Closed corporations do not trade shares with the public, but hold the corporation to a few select shareholders. Each of the shareholders may sell their shares to another, or with permission, to an outsider. A corporation may be sold to new owners without any change in corporate structure simply by transferring stock shares. Also, a corporation does not die with the owners. The death of an owner of the corporation has no effect on the business itself. The shares pass to new owners and "business as usual" continues.

Stock shares are an excellent method of creating an estate and continuing ownership of the corporation within the family. By giving shares to members of the immediate family, the income tax on dividends is reduced resulting in higher spendable income. If the corporation finds it necessary to generate more capital, additional shares of stock may be issued. There is no tax on the moneys received from the sale of stock shares. Therefore, the money raised can be used to update equipment, increase inventory, or any number of capital improvements to the organization. And if a corporation is unsuccessful, the owners have all the advantages of incorporation.
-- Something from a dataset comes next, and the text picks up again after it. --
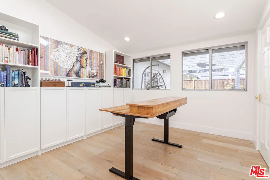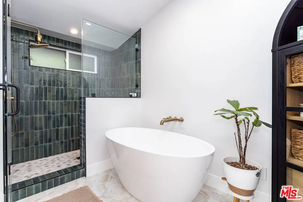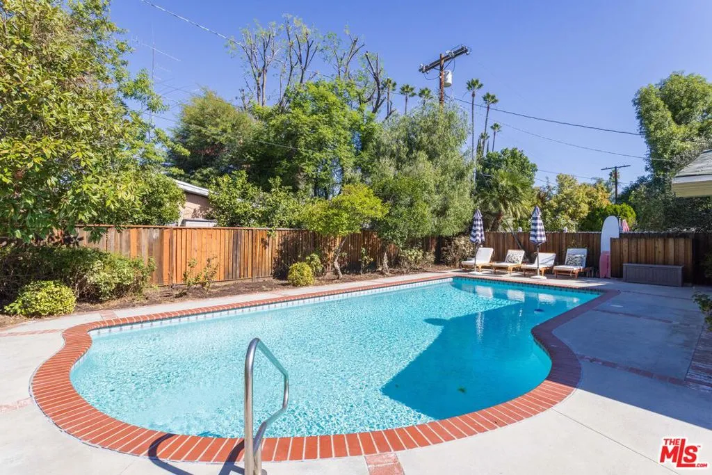 Located in the highly coveted Corbin Palms neighborhood of Woodland Hills, this Mid-Century Marvelous pool home was designed by renown Architects Dan Palmer & William Krisel and built by The Alexander Construction Company. Before Palmer & Krisel went on to design thousands of homes in Palm Springs forever influencing the cities modern look, they designed Corbin Palms right here in Woodland Hills. Their designs emphasized simplicity, privacy with functionality and a profound respect for the natural landscape. This residence embodies clean lines, natural lighting with modern upgrades for the best of today’s California living and entertaining. The moment you step through the dramatic double door entry you will be in awe of the vaulted ceilings and natural light cascading in from the double pane windows and skylights while showcasing the recently remodeled modern aesthetic. New drywall coating with interior paint, Tasteful engineered hardwood flooring and recessed lighting throughout the living spaces. Gorgeous kitchen featuring new soft close cabinetry with quartz countertops, floating shelves, spacious pantry, tile backsplash with LG and Samsung stainless steel appliances. Open, light and bright floorplan offers a formal living room with floor to ceiling tiled gas fireplace, large dining area and huge family room with dry bar and French Doors that seamlessly connect to the private backyard. New artificial turf, covered pergola and sparkling swimming pool will make you feel like you’re on vacation every day. Designer inspired Primary suite opens to the outdoor living space and is both simple and luxurious with its neutral double sink vanity, Delta brushed brass hardware, tastefully tiled flooring and shower with frameless glass and freestanding soaking tub. Dual closets including a Custom walk-in modular closet system. Two additional bedrooms with engineered hardwood flooring, vaulted ceilings, skylights and Jack and Jill access to an updated bathroom. More new features include exterior paint, water heater, double front doors, Nest thermostat, recessed lighting, fixtures, electrical outlets, switches and pool filtration system. Walking distance to the new Haynes Street Greenway which features California Native vegetation and trees, a walking path, seating areas, perimeter fencing with a decorative entry gate and a security system. Conveniently located near restaurants, shopping, The Westfield Topanga Village, Warner Center, public transportation and more!

If a corporation is unsuccessful the owners have all the advantages of incorporation plus the fact that the IRS allows a $25,000 deduction on an individual tax return, or a $50,000 deduction on a joint return of money invested in the venture.

If thorough research has convinced you that incorporation is feasible and will provide the best type of ownership for your enterprise, the next step is to decide if you will use the services of an attorney. In either case, the following steps are necessary.

First, a certificate of incorporation is prepared by the incorporators. Most states require three incorporators. The incorporators are legally qualified persons. The incorporators may or may not be stockholders. It may be more expeditious to employ dummy incorporators. An agent or attorney may act in this capacity. When the certificate of incorporation is issued, the incorporators hold an election meeting. At this meeting the stockholders elect officers and a board of directors, and the incorporators formally resign.

The standard form of incorporation may be obtained from the state official designated to act as corporation commissioner.